→ What is being asked
From the entries below, print exactly the span beginning with the line holding "1444 E Palm" and ending with the line holding "Pumadoru - Tomato", endpoints included, and skip any pictures.

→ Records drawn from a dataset
* * *
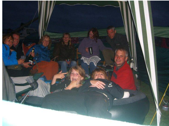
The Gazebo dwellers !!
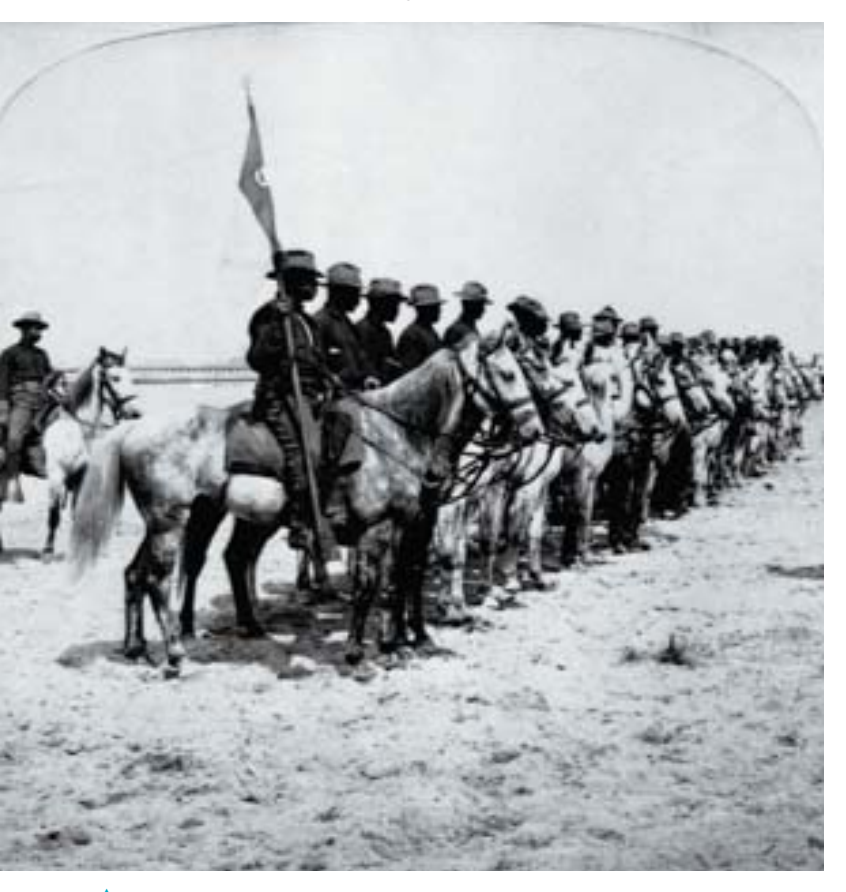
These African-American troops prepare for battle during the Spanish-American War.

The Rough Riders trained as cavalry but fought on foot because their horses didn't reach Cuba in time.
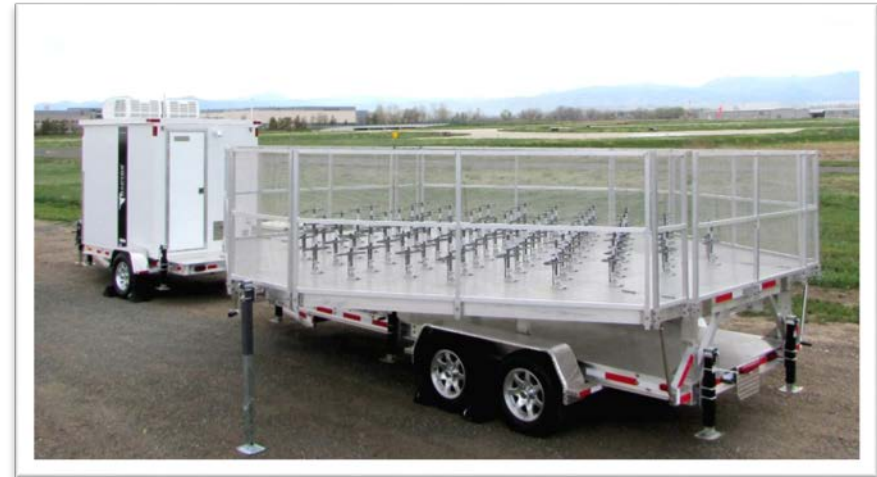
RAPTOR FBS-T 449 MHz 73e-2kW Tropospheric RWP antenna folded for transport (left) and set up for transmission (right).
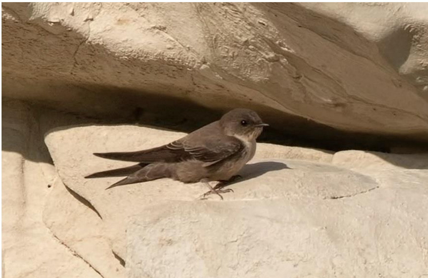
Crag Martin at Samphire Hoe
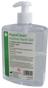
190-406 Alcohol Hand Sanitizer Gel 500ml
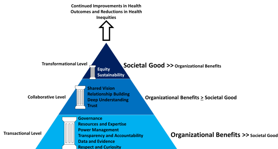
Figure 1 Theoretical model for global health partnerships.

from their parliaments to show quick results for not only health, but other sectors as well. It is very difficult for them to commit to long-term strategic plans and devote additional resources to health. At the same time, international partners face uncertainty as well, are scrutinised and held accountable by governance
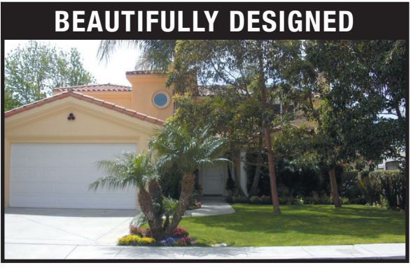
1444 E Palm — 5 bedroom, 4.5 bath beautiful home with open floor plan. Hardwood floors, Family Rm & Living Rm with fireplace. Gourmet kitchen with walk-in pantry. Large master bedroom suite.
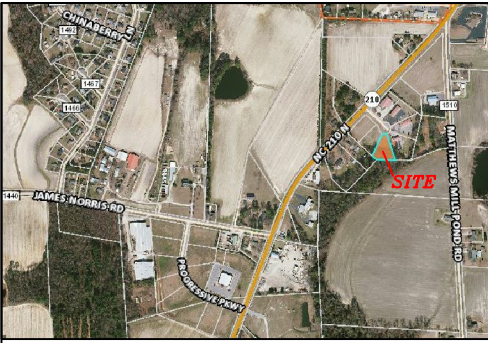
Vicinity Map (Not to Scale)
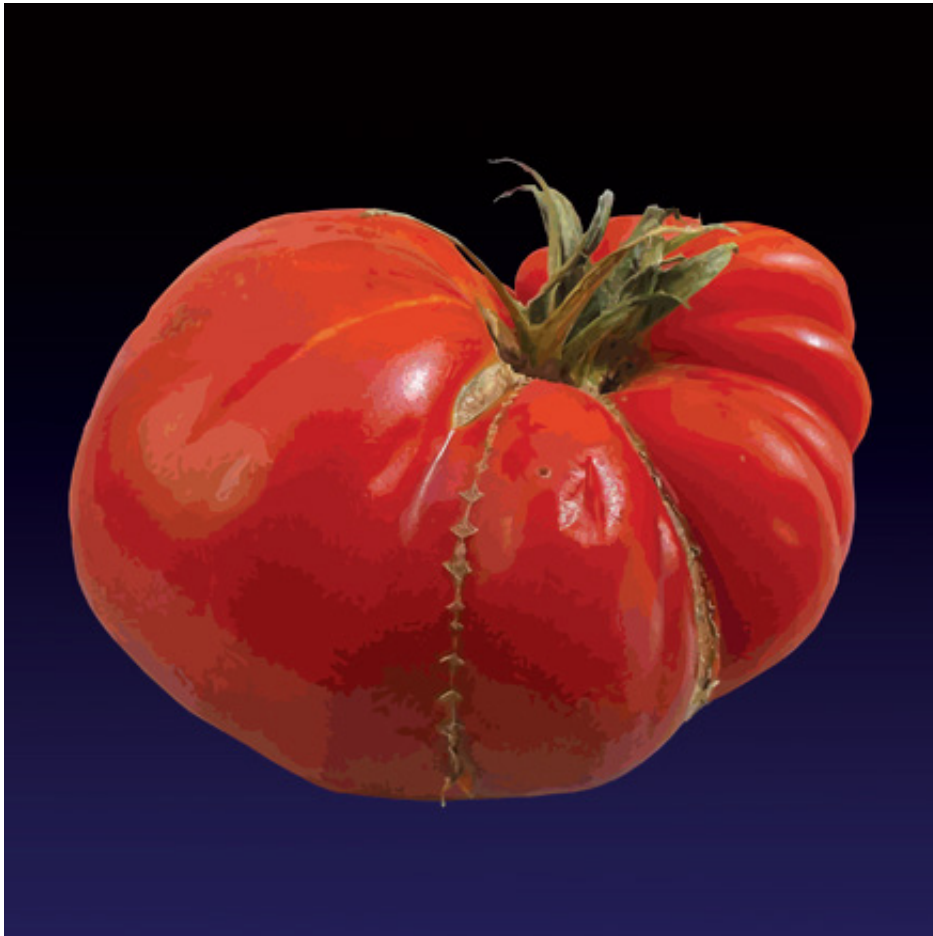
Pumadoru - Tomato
* * *
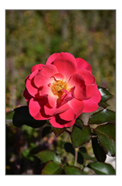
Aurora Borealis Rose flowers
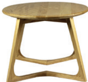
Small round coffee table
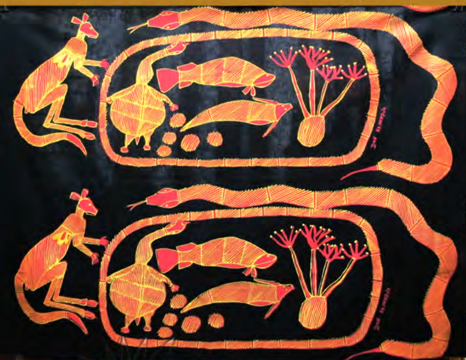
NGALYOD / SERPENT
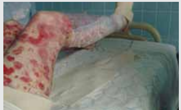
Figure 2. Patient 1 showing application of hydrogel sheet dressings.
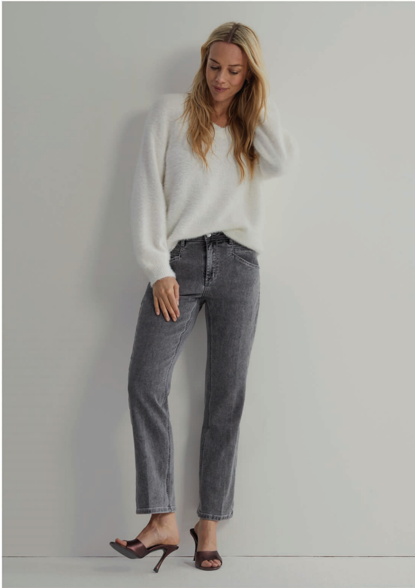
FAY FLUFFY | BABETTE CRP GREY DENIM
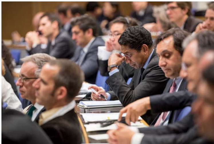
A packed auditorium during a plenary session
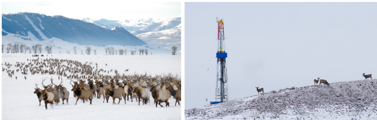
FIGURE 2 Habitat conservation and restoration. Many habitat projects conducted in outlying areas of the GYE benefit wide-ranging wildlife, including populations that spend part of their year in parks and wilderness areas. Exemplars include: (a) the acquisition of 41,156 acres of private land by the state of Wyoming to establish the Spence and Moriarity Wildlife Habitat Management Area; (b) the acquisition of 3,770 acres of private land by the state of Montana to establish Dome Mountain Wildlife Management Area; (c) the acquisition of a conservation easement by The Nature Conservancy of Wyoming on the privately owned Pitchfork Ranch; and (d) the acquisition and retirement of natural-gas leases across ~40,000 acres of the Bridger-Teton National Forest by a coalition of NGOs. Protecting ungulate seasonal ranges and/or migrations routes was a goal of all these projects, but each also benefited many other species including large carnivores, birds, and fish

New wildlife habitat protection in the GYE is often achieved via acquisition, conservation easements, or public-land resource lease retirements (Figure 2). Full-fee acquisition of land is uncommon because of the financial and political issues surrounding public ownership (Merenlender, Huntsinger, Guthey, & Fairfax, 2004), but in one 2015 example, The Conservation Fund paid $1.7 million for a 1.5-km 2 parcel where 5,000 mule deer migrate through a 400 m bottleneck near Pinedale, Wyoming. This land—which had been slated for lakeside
* * *
→ Reply to the task
1444 E Palm — 5 bedroom, 4.5 bath beautiful home with open floor plan. Hardwood floors, Family Rm & Living Rm with fireplace. Gourmet kitchen with walk-in pantry. Large master bedroom suite.
Vicinity Map (Not to Scale)
Pumadoru - Tomato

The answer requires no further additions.